Involuntary job separations (firings or redundancies) can explain more than a quarter of the UK''s productivity puzzle, according to research by Panagiotis Giannarakis, to be presented at the Royal Economic Society''s annual conference in Brighton in March 2016. His study suggests that even if displaced workers got new jobs, their productivity was considerably down on what it was in their previous employment.

In the first quarter of 2008, the UK entered one of the deepest recessions of its modern history. During the crisis, real GDP per capita and labour productivity (as output per hour worked) dropped by over 7% and the UK economy only started to recover following the trough of this crisis in 2009Q2.

After the trough, real GDP gradually returned to its pre-crisis trend. Surprisingly for the same period, labour productivity has experienced almost zero growth, following a 2.5% annual growth rate in the pre-crisis period. This is called the UK''s productivity puzzle and it has recently attracted the attention of many researchers who are trying to give a plausible explanation.

The findings of this study show that involuntary job separations (firings or redundancies) can explain more than a quarter of the UK''s productivity puzzle.

More specifically, the study looks at the possible role of involuntary job separations (or displacements) of high tenured workers on post-crisis productivity. Since in the UK during the crisis, the fraction of displaced employed workers, increased by 50% and their wages decreased by about 16% relatively to before the crisis, it becomes natural to ask to what extent these productivity losses for workers who experienced a displacement event, can explain the UK''s productivity puzzle.
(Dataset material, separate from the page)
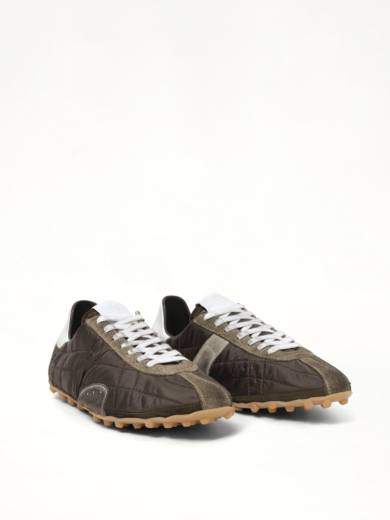 Maison Margiela's Sprinters Low Sneaker in Dark Green/White/Grey is a stylish and versatile footwear option that combines contemporary design with classic elements. Perfect for both casual and semi-formal occasions, these sneakers offer comfort and a modern aesthetic.

The empirical results of this study show that displacements of high tenured workers can explain on average 27% of the post-crisis gap between actual productivity and potential productivity if it had followed the path of the pre-2008 trend. Furthermore, 78% of this effect can be explained by job separations of highly educated workers and 22% by separations of low educated workers.

One possible reason why displacements should matter for productivity is suggested by Jacobson et al. (1993) who argue that after a job separation, high tenured displaced workers lose some of their accumulated capital. These individual capital losses make workers less productive in their new jobs than if they had not been displaced. Intuitively, these capital and productivity losses should be important at an aggregate level, as well.

''Can Job Displacements explain the UK''s Productivity Puzzle?'' by Panagiotis Giannarakis. Panagiotis Giannarakis is at the University of Southampton.